### WHAT YOU NEED TO DO:
Leave out the pictures and copy every record exactly.

-------- DATA

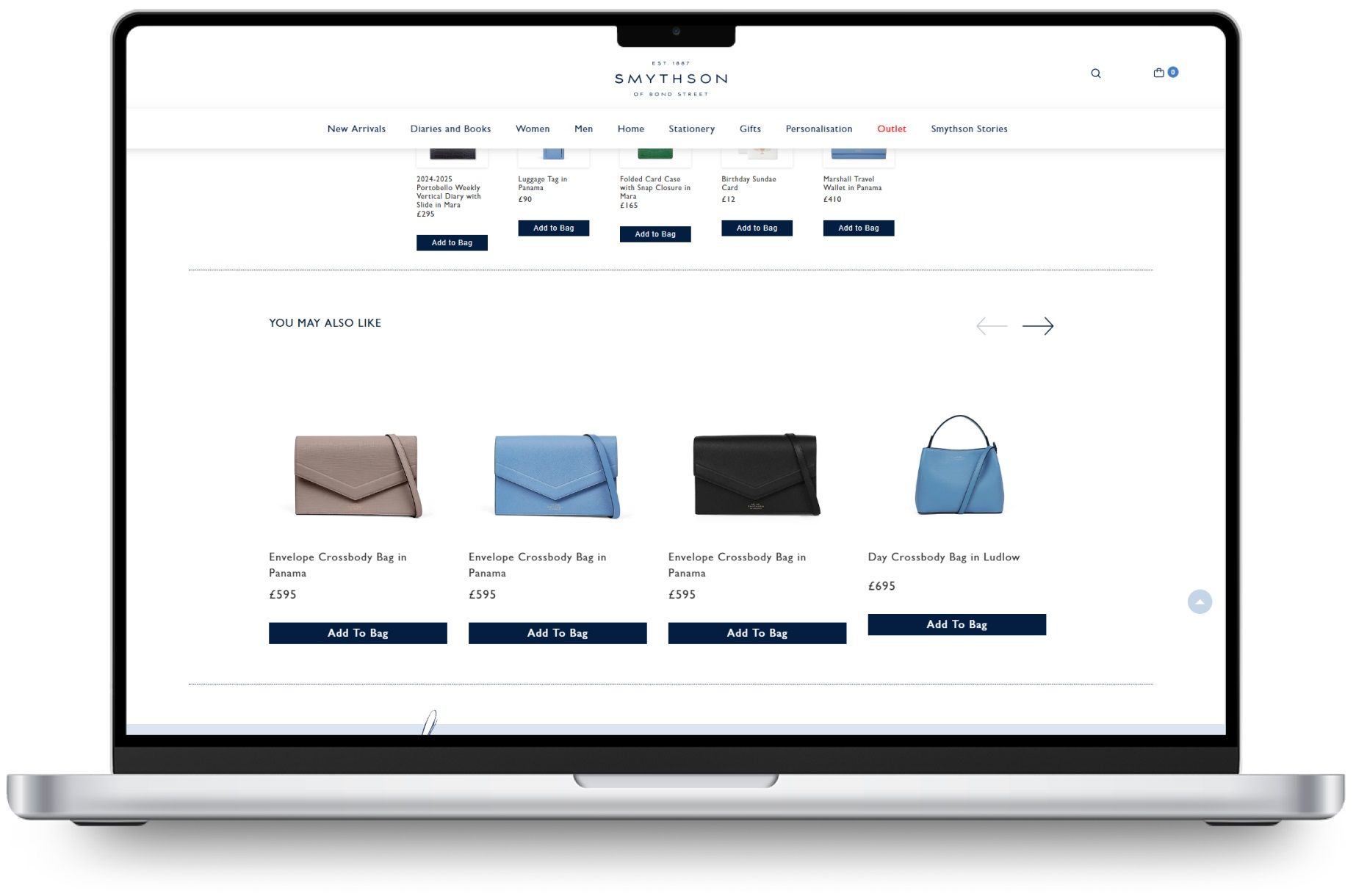 ➡️ For example, Smythson used Nosto, a real-time product recommendation software, to set up multi-page product recommendations.
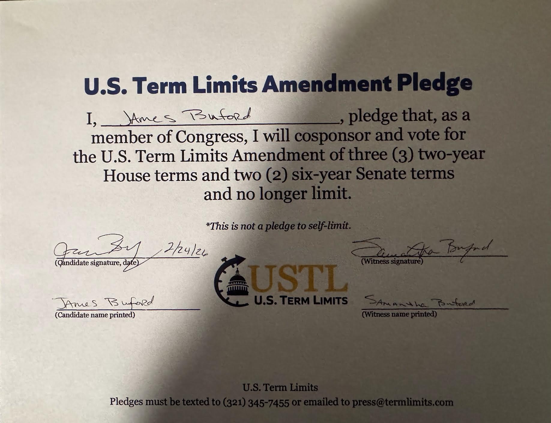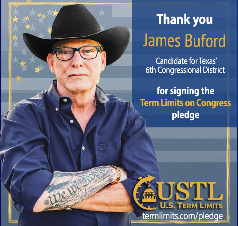 Washington D.C. – U.S. Term Limits (USTL), the leader in the non-partisan national movement to limit terms for elected officials, praises 2026 U.S. Representative candidate for Texas, James Buford (district 6), for signing the pledge for an amendment to term limit Congress. Previously, candidate Brian Stahl and Danny Minton and incumbent Rep. Jake Ellzey also signed the pledge.
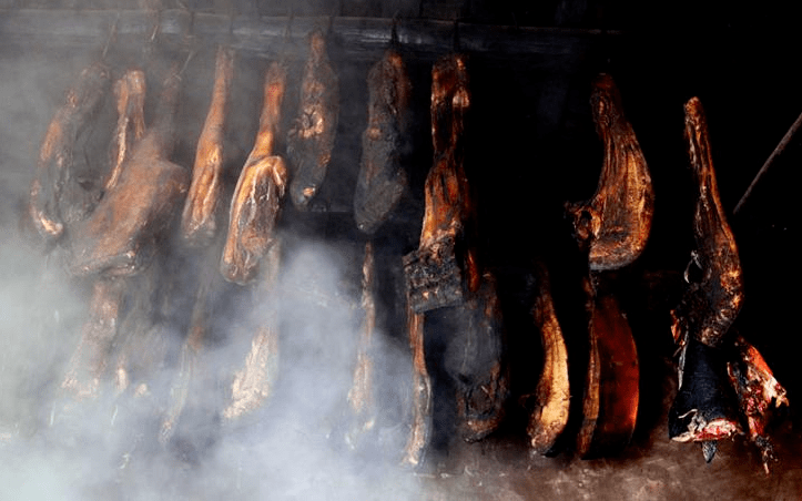 后来,外婆去世了,我也下乡到了农村。我们生产队很穷,但过了大雪,居然杀了几头肥猪,我也分得了两块猪肉。但是,我一块也舍不得吃,腌起来挂在柴火灶上头,每天烟熏着,过年拿回家,还别有一番风味味儿呢。
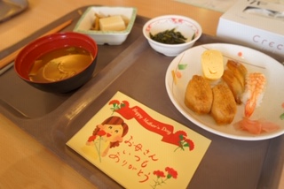 お昼ごはんは、お寿司の盛り合わせ・赤だし
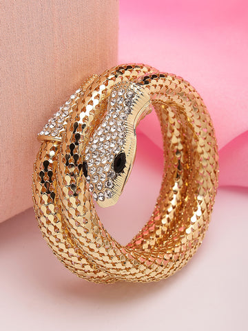 Bohey by KARATCART Gold Plated Cubic Zirconia Studded Snake Chain Bracelet for Women
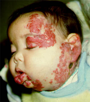 Il est purement cutané constitué dune nappe rouge dabord lisse puis saillante, brillante, posée sur une peau saine, cest " la fraise " du langage populaire (46), terme véhiculé au 18ème et 19ème siècle, né de la croyance dHypocrate, que la mère pouvait marquer de ses envies son ftus en gestation (51).

----------------

### TASK SOLUTION:
 ➡️ For example, Smythson used Nosto, a real-time product recommendation software, to set up multi-page product recommendations.
 Washington D.C. – U.S. Term Limits (USTL), the leader in the non-partisan national movement to limit terms for elected officials, praises 2026 U.S. Representative candidate for Texas, James Buford (district 6), for signing the pledge for an amendment to term limit Congress. Previously, candidate Brian Stahl and Danny Minton and incumbent Rep. Jake Ellzey also signed the pledge.
 后来,外婆去世了,我也下乡到了农村。我们生产队很穷,但过了大雪,居然杀了几头肥猪,我也分得了两块猪肉。但是,我一块也舍不得吃,腌起来挂在柴火灶上头,每天烟熏着,过年拿回家,还别有一番风味味儿呢。
 お昼ごはんは、お寿司の盛り合わせ・赤だし
 Bohey by KARATCART Gold Plated Cubic Zirconia Studded Snake Chain Bracelet for Women
 Il est purement cutané constitué dune nappe rouge dabord lisse puis saillante, brillante, posée sur une peau saine, cest " la fraise " du langage populaire (46), terme véhiculé au 18ème et 19ème siècle, né de la croyance dHypocrate, que la mère pouvait marquer de ses envies son ftus en gestation (51).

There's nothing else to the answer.